Saturday 13 July 2019

What were they doing in 1863?


Goal Weekly, Monday 11 May 2009, p. 12.

I know this column is called Blast from the Past, but given that most people believe the first game of Association Football was not played in Australia until the 1880s, what, you may ask, am I on about? It is, however, 150 years since the first set of rules for what became Australian Rules were written in Melbourne. The other day when trawling through Bell’s Life in Victoria in 1864 I came across a letter by a fellow who signed himself Free Kick, who was very familiar with what was happening in the United Kingdom and Australia at the time. And this is what he wrote:
‘The game of football appears destined to become as popular in this colony as it has already become in England, where it is now fully recognised as the national winter game. … Within the last year or two … football in England has received a great impetus, and clubs have been formed in various places, the movement having been warmly espoused by many University men, who have to a great extent shaken off their old prejudices, and are favourable to the formation of a universal code of rules, by which, in future, the game should be played. … The Football Association was accordingly formed, and set of rules drawn up, which by a very curious coincidence, are very nearly similar to those which were decided on at a meeting of representatives of football clubs, held at the Parade Hotel, near Melbourne, some 5 years ago. … and it is certainly creditable in every way to the judgment of the gentlemen then appointed, that the very rules they then decided on have subsequently been adopted by the members of the Football Association in England. Whether a stray copy (for the rules were neatly printed and got up) ever found its way home I do not know, but if not it is a strong argument in favour of our own code, that the football parliaments assembled on opposite sides of the globe, should bring the identical same result of their labours.’
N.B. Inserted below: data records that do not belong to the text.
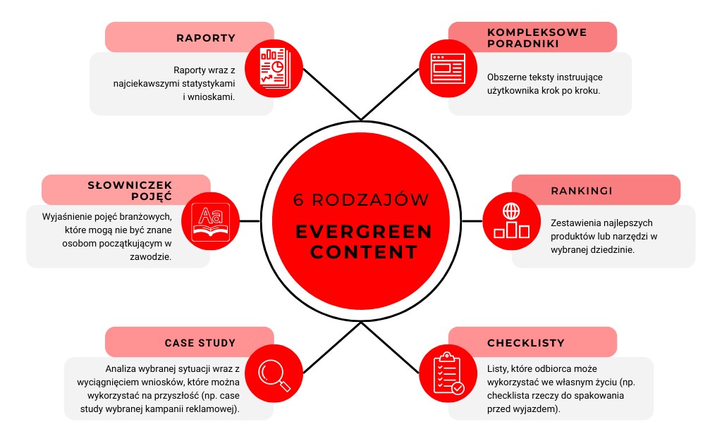 Są rodzaje treści, które mają największą szansę na to, by cieszyć się popularnością przez lata. Dobrymi przykładami evergreen contentu są:
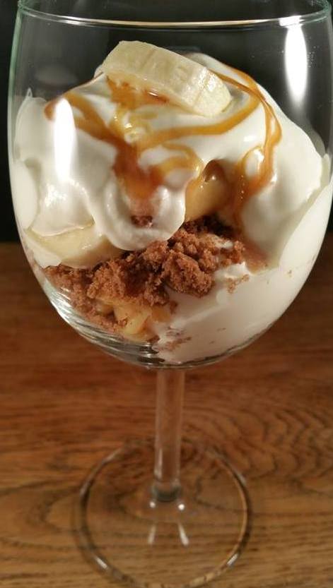 Garneer met caramel saus, een plakje banaan of met koekjes.
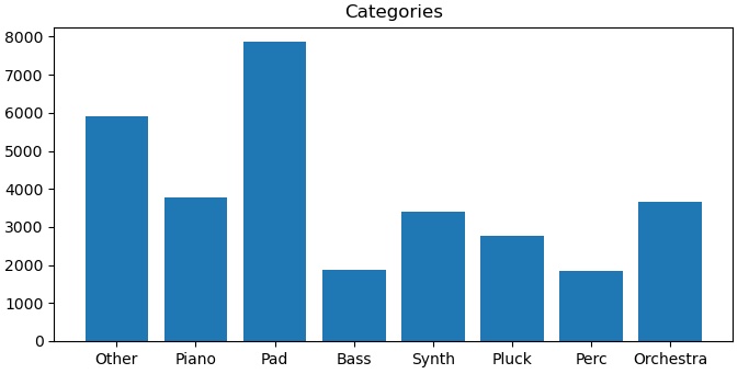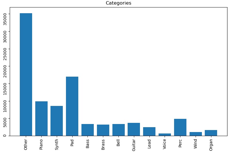 - Finally, the most interesting category might actually be “Other”, as it becomes a catch-all for anything not categorized by other means. The results of generating patches with this label are something of a cornucopia of surprising sounds, more often useful than not!
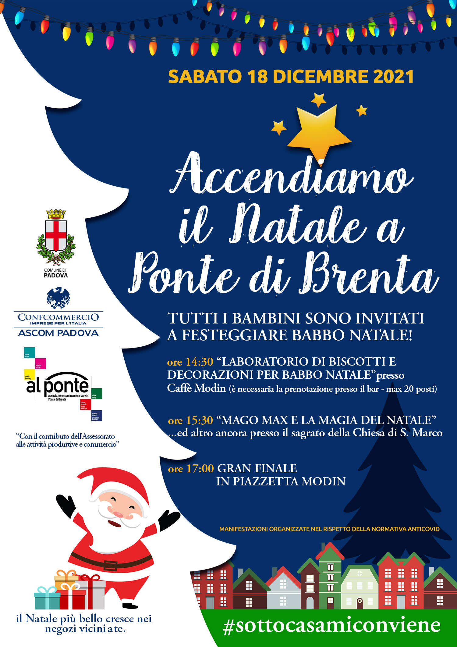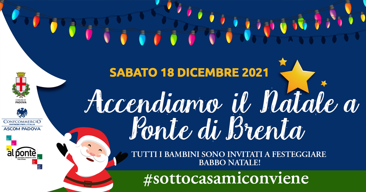 Sabato 18 novembre 2021 sarà a Ponte di Brenta un'intera giornata dedicata al Natale e ai più piccoli. Numerose saranno le iniziative messe in campo, grazie al Comune di Padova e la Confcommercio Ascom Padova, con il contributo dell'Assessorato alle attività produttive e commercio.
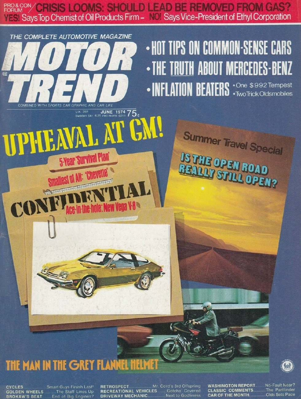 MOTOR TREND 1974 JUNE - Hurst/Olds, VEGA V8, CORD
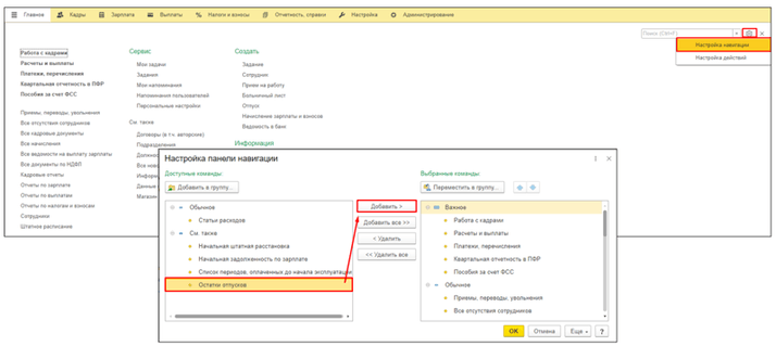 2. Если в колонке «См.также» у вас нет ссылки «Остатки отпусков», предварительно ее нужно сюда добавить. Для этого в правом верхнем углу кликаем на значок шестеренки и нажимаем кнопку «Настройки навигации». В открывшемся окне в левой части таблицы находим «Остатки отпусков», выбираем их и нажимаем кнопку «Добавить», после чего они добавятся в правую часть таблицы. При желании можно использовать голубые стрелки, чтобы переместить раздел в нужное место. Нажимаем «ОК». В результате в разделе «Главное» появится ссылка «Остатки отпусков».
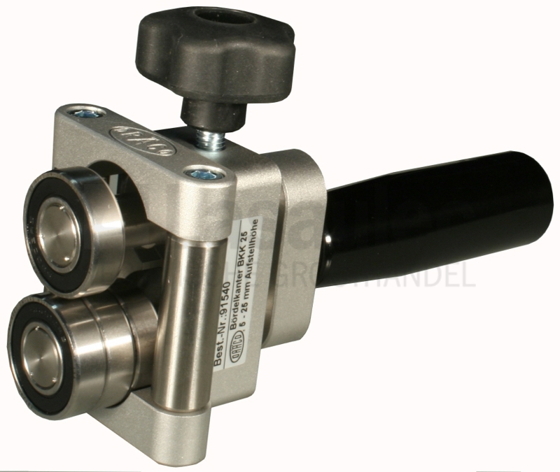 Heel simpel. De gewenste zethoogte instellen en het materiaal tussen de aanslagrollen schuiven. De enkele aanslagrol/kogellager is boven. Nu de BKK door het materiaal voor en terug bewegen

Football 1870s style. The Graphic, December 1872, reproduced in The Rules of Association Football 1863, Bodleian Library, Oxford, 2006.

Our man, Free Kick, seems to be suggesting that the clubs which formed the Football Association in 1863 might have gained inspiration for their set of laws of the game from what was happening in Melbourne four years before. To me this is a bit far fetched, and a bit like the claims for Aboriginal or Irish influence on Australian Rules, or at least Melbourne Football Club rules, as drawn up in 1859. But when you read what the Europeans saw Aboriginal children doing you begin to wonder.
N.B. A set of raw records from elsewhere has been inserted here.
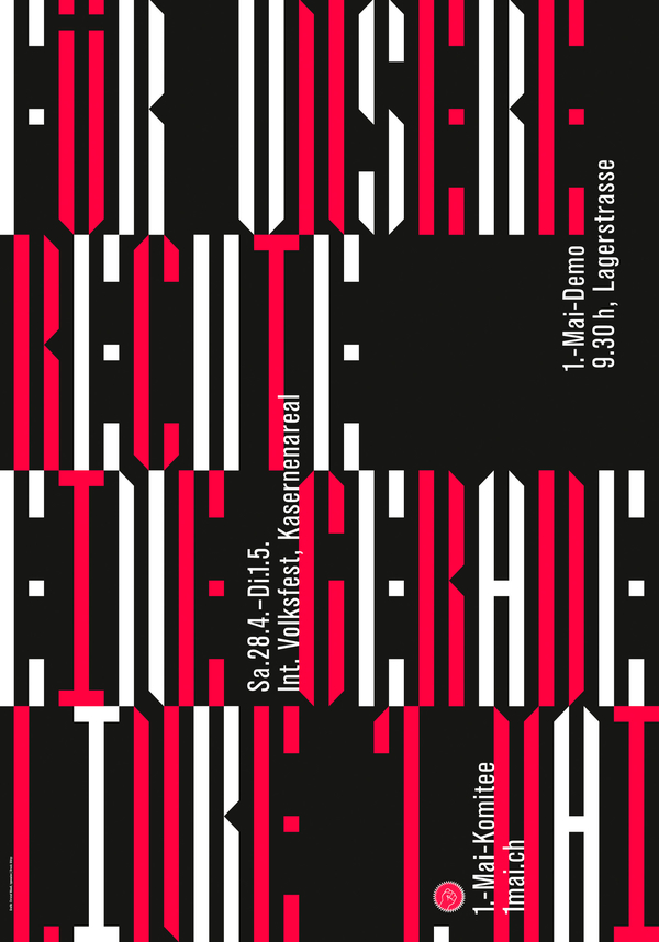 Since 2008, the graphic design studio Studio Nüssli+Nuessli has designed the iconic May Day poster for the 1.-Mai-Komitee Zürich. The committee, composed of over 50 political groups, has organised Zurich’s annual Labour Day demonstration and celebration since 1980.
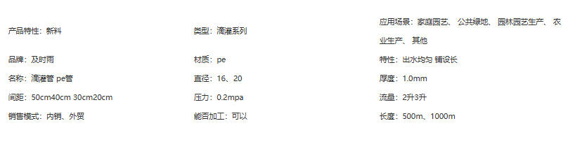 主營產(chǎn)品 : 滴灌微噴 過濾器施肥器 pe管材管件 水肥一體機
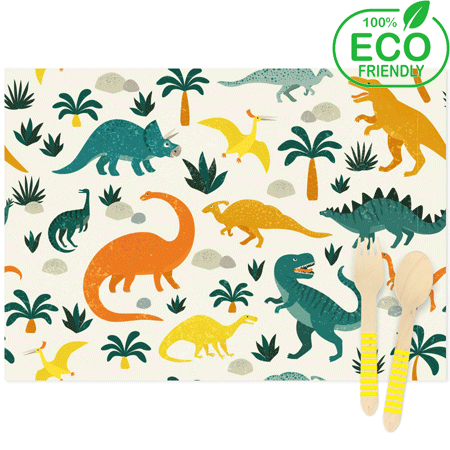 6 Papier-Tischsets Dinosaurier. Kombiniert mit den Bechern, Tellern und Serviettenringen entsteht ein schöner Naturtisch.
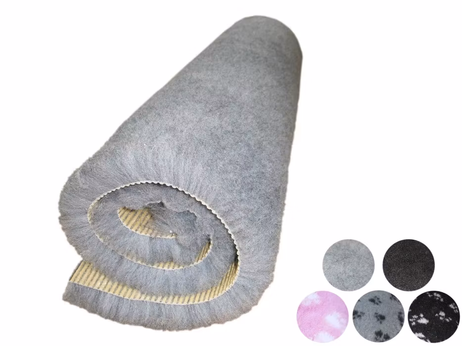 En mjuk och slitstark hundfäll med gummerad baksida.
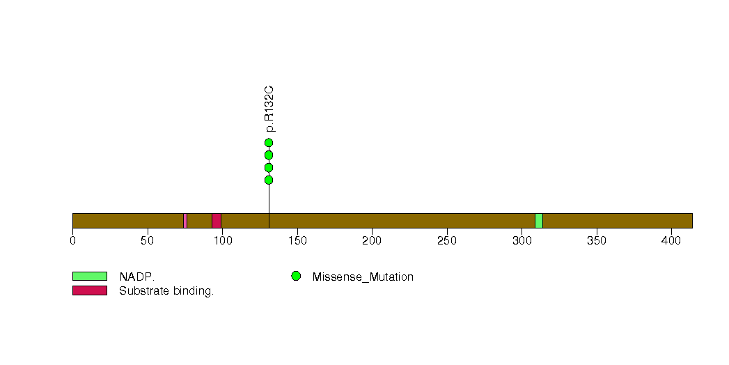 Figure S8. This figure depicts the distribution of mutations and mutation types across the IDH1 significant gene.
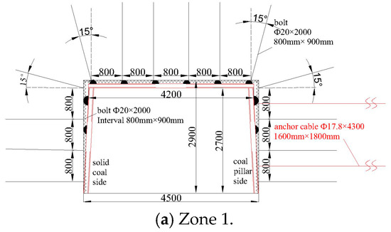 This zone is influenced by the concentrated load of solid coal on the outer side of the overlying goaf, which means the support needs to be strengthened. The roof is reinforced with cable anchors of φ17.8 mm × 7300 mm, installed at a spacing of 1600 mm × 1800 mm (transverse × longitudinal) in a 3-3-3 arrangement, and both ribs are reinforced with short cable anchors (φ17.8 mm × 4300 mm), installed in pairs per row at a spacing of 1600 mm × 1800 mm (transverse × longitudinal), as shown in Figure 10c.
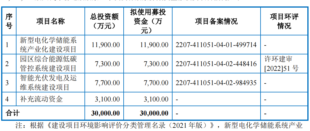 招股书显示,许昌智能此次上市拟募资3亿元,其中1.19亿元投资新型电化学储能系统产业化建设项目、0.73亿元投向园区综合能源低碳管控系统建设项目、0.77亿元投向智能光伏发电及运维系统建设项目,剩余0.31亿元补充流动资金。

Early European settlers and travellers reported the existence of their games and sometimes provided extensive descriptions. Blandowski commented on the game he had seen, which is represented in Mutzel’s etching, ‘The ball is made out of Typha roots: it is not thrown or hit with a bat, but it is kicked in the air with the foot … The aim of the game: never let the ball touch the ground.’
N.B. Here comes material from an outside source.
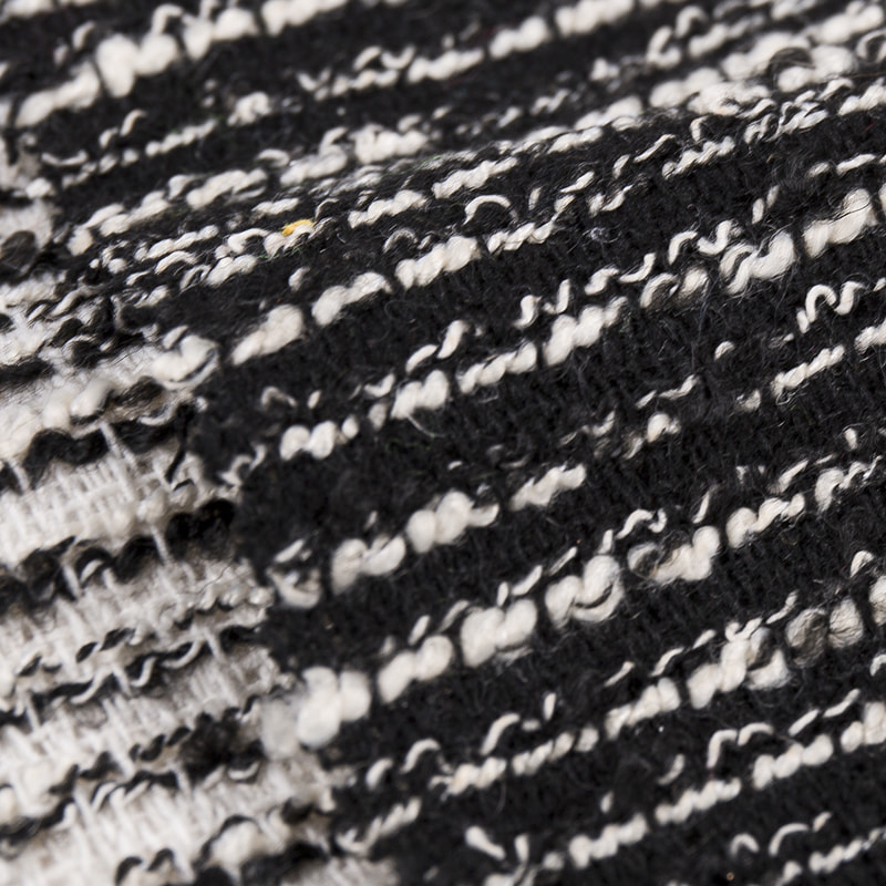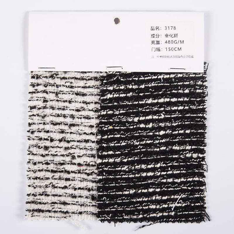 Der Polyester-Tweed-Stoff 3178 mit geprägten horizontalen Streifen besteht zu 100 % aus Chemiefasern, insbesondere aus hochwertigen Polyesterfasern, die die Haltbarkeit und hervorragende Leistung des Stoffes gewährleisten. Polyester ist bekannt für seine hervorragende Knitterfestigkeit, Abriebfestigkeit und gute Elastizität, wodurch das 3178-Gewebe verschiedenen Herausforderungen im täglichen Tragen problemlos gewachsen ist und gleichzeitig ein elegantes Aussehen behält. Unabhängig davon, ob es häufig gewaschen oder über einen längeren Zeitraum getragen wird, behält der Stoff seine ursprüngliche Form und Textur und ist nicht leicht zu verformen oder zu verblassen. Der Prägeprozess ist ein weiteres Highlight dieses Stoffes. Durch fortschrittliche Prägetechnologie haben wir ein zartes horizontales Streifenmuster auf der Stoffoberfläche geformt. Diese Streifen sorgen nicht nur für ein optisches Gefühl der Lagenbildung, sondern machen den Stoff auch dreidimensionaler und griffiger. Die Prägebehandlung verbessert nicht nur die Schönheit des Stoffes, sondern erhöht auch seine Haltbarkeit und Knitterfestigkeit, sodass Sie bei jedem Tragen den Komfort und die Textur eines neuen Produkts spüren können. Das Tweed-Design verleiht dem Stoff 3178 einen einzigartigen Stil von Robustheit und Eleganz. Dieses Design macht den Stoff nicht nur optisch voller und strukturierter, sondern sorgt auch für eine hervorragende Wärmespeicherleistung. Ob im kalten Winter oder im kühlen Frühling und Herbst, dieser Stoff bietet Ihnen Wärme und Komfort.

It is beyond doubt that Aboriginal games which used a purposely-made ball existed. Since many of the references apply to the period before 1859, just what did observers have in mind when they used the word ‘football’ to describe what they saw? It could not have been the Australian game since this did not come into existence until then. My good friend, Ian Syson, points out that Blandowski’s description looks more like soccer than Australian rules, or rather the football exercise which we used to perform in our youth in Scotland called ‘keepy-uppy’, keeping the ball off the ground by use of feet and body not arms and hands. Those migrants who came from a Scottish or English background might well have seen and played a similar type of game in their youth, since the majority of reported observations come from people who did not attend English public schools or universities. There was a strong Scottish presence in the western district of Victoria, particularly around Warrnambool and Portland.

One problem with all this, of course, is that there is no real contemporary evidence that the English referred to Australian rules or that the Australians mentioned Aboriginal activities when drawing up their respective codes. So while these are interesting speculations, or myths if you like, it is worthwhile keeping up the search for information on both possibilities. Who knows we may be able to find connections if we look hard enough.